Copy out the data below from the line containing "M55P Seat Rear" to the line containing "ごく細微傷程度でダメージはほ", both lines included, with all images left out.

===== Records shown =====

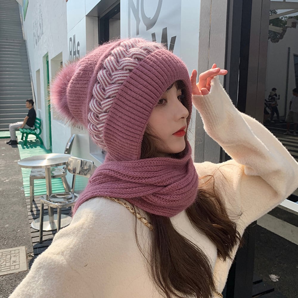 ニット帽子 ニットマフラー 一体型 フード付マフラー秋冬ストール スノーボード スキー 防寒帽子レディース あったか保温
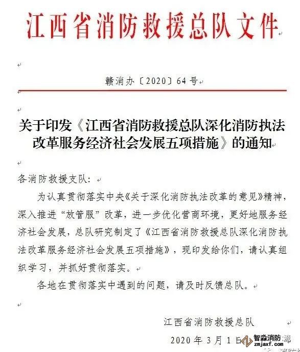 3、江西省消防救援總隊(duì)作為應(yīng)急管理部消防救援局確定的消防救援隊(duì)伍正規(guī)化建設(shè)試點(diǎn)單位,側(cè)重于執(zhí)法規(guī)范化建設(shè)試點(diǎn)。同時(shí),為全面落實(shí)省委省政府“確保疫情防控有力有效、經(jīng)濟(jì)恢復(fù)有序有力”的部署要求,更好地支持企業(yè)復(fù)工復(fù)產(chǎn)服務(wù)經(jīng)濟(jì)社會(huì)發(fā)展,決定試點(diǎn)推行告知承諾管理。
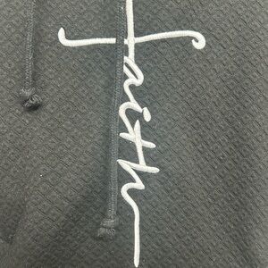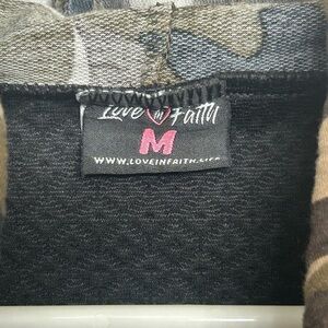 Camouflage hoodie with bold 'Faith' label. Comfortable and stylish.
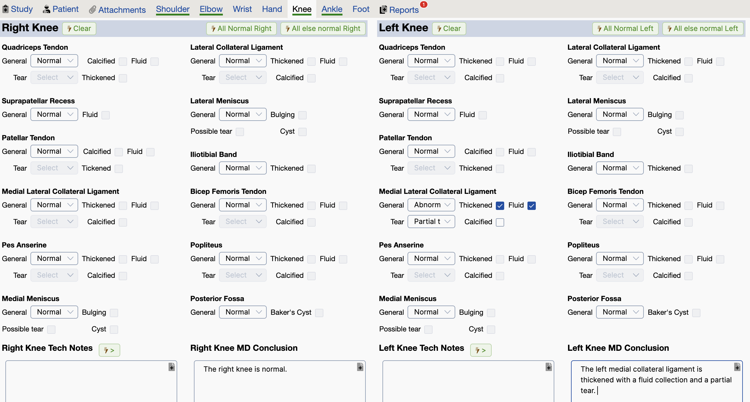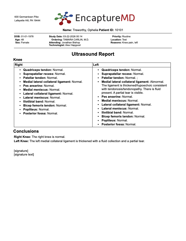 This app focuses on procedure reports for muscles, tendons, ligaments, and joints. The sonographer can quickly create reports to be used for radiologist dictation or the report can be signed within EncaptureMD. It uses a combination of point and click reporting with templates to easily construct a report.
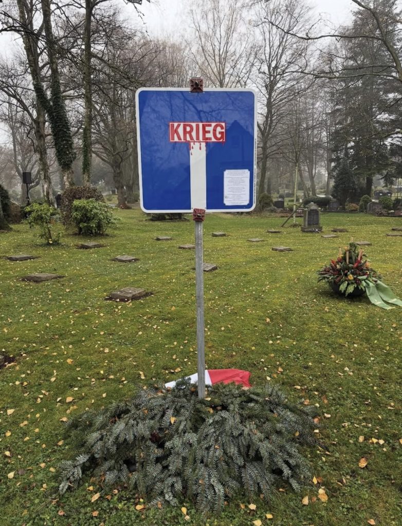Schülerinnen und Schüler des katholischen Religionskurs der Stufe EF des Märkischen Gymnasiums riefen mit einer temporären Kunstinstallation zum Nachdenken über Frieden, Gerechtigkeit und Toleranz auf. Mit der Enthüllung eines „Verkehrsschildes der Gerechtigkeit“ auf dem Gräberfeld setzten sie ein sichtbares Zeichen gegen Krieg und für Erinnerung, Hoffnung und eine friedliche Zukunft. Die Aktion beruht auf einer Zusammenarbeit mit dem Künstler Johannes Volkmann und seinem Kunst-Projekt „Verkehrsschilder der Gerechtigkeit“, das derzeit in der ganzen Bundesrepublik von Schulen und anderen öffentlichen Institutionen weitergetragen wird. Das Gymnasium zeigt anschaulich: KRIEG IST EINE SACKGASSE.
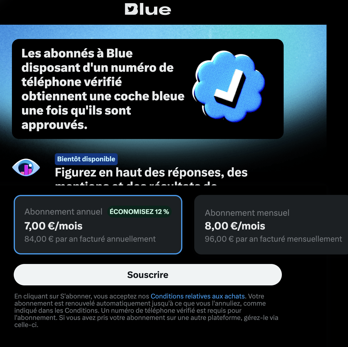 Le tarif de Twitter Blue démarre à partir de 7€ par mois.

=====
===== Records shown =====

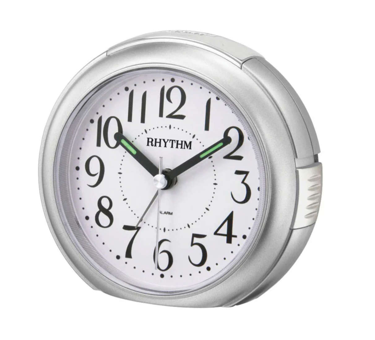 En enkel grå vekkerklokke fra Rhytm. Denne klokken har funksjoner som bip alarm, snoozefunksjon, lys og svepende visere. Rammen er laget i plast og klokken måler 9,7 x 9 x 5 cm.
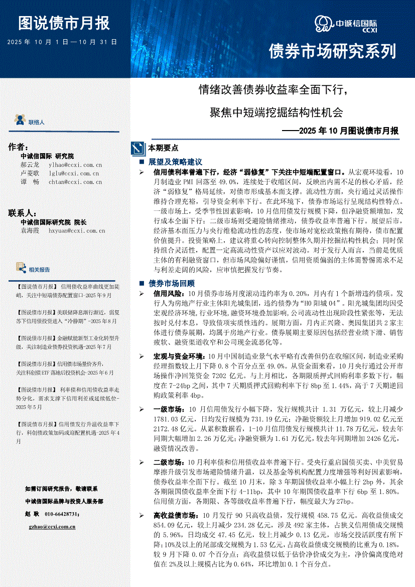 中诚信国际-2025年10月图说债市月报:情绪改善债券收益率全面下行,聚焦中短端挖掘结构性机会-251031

=====
===== Records shown =====

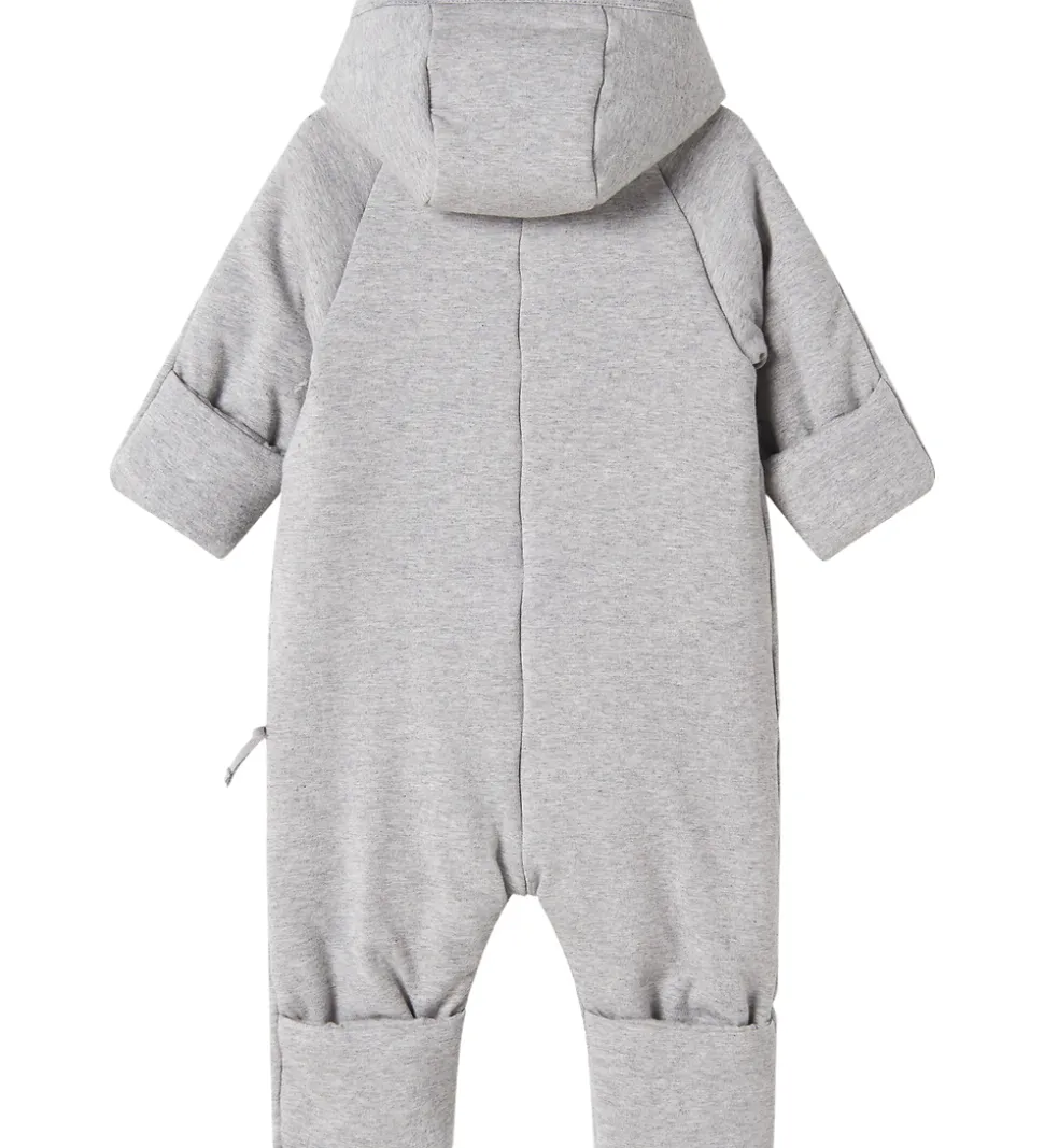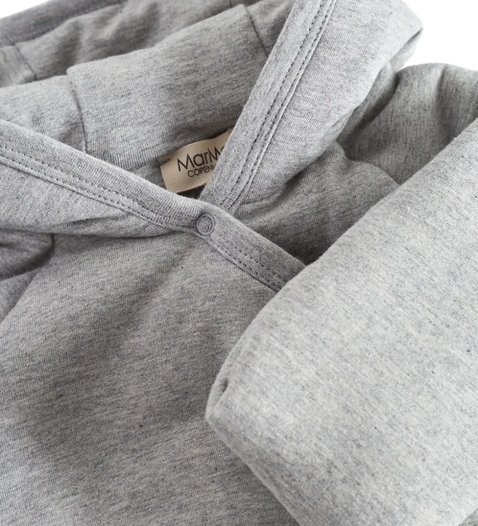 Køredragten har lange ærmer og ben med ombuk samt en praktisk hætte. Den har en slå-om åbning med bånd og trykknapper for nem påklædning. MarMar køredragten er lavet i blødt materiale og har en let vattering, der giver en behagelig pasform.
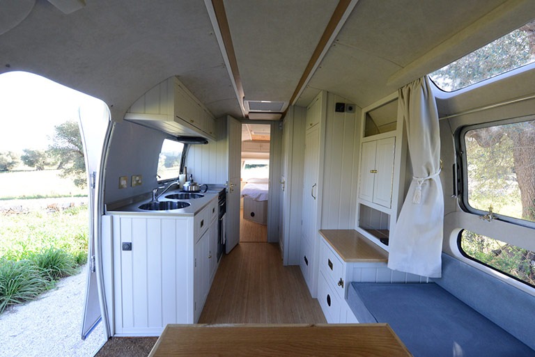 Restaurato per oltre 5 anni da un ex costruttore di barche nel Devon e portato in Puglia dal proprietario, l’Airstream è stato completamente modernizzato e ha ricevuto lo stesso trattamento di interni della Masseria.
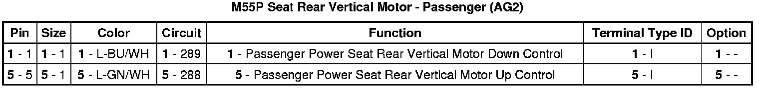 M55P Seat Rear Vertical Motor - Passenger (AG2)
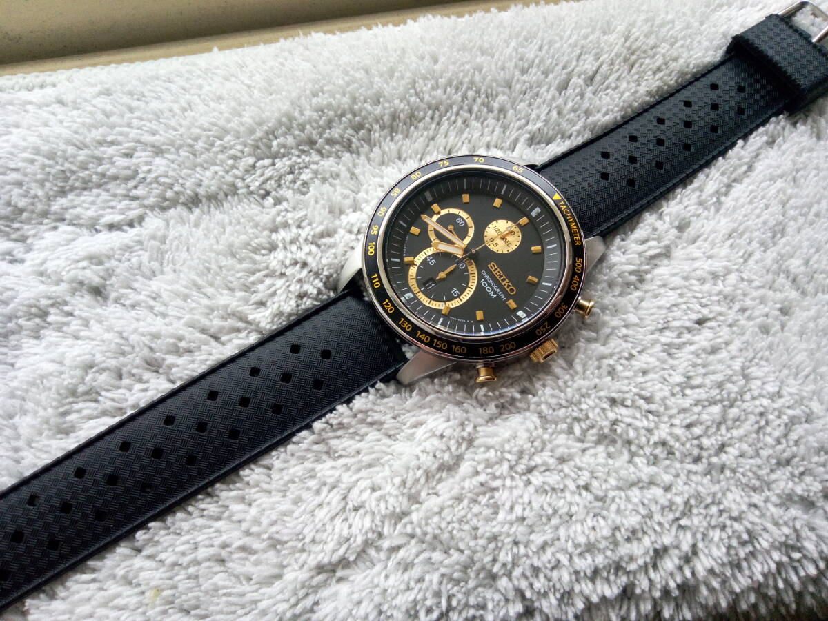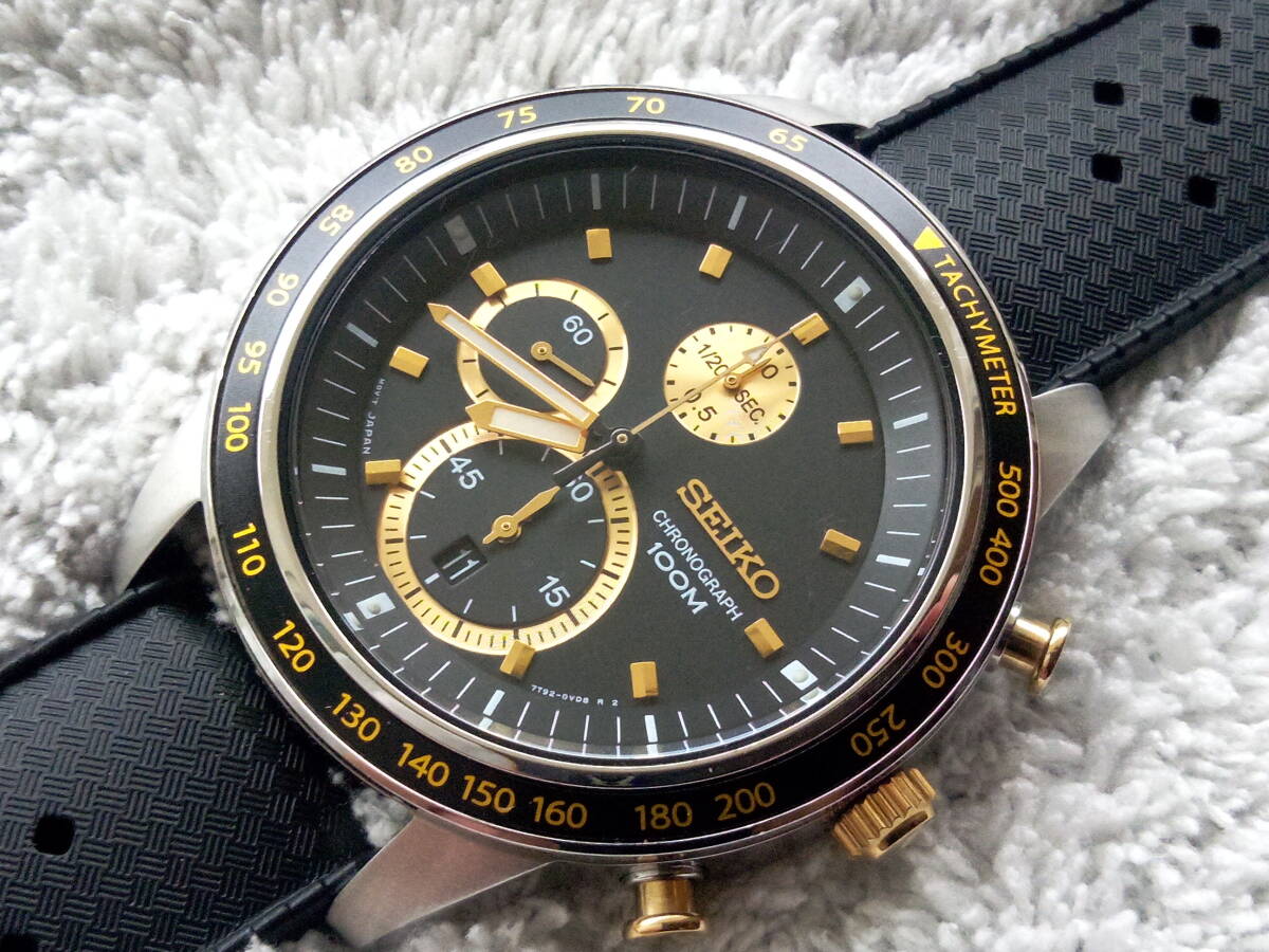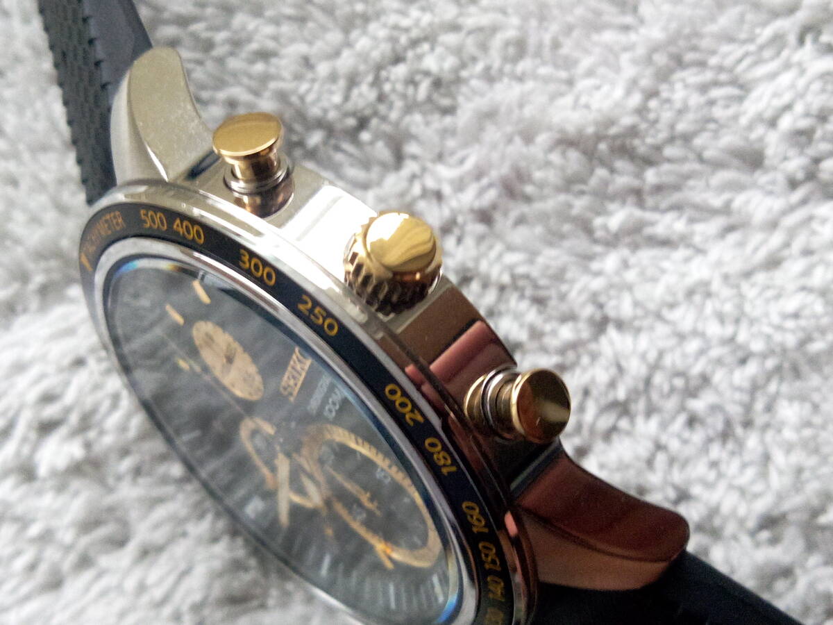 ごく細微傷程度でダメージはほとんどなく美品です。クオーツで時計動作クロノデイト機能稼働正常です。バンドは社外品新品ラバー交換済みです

=====

= Exercise output =
 M55P Seat Rear Vertical Motor - Passenger (AG2)
 ごく細微傷程度でダメージはほとんどなく美品です。クオーツで時計動作クロノデイト機能稼働正常です。バンドは社外品新品ラバー交換済みです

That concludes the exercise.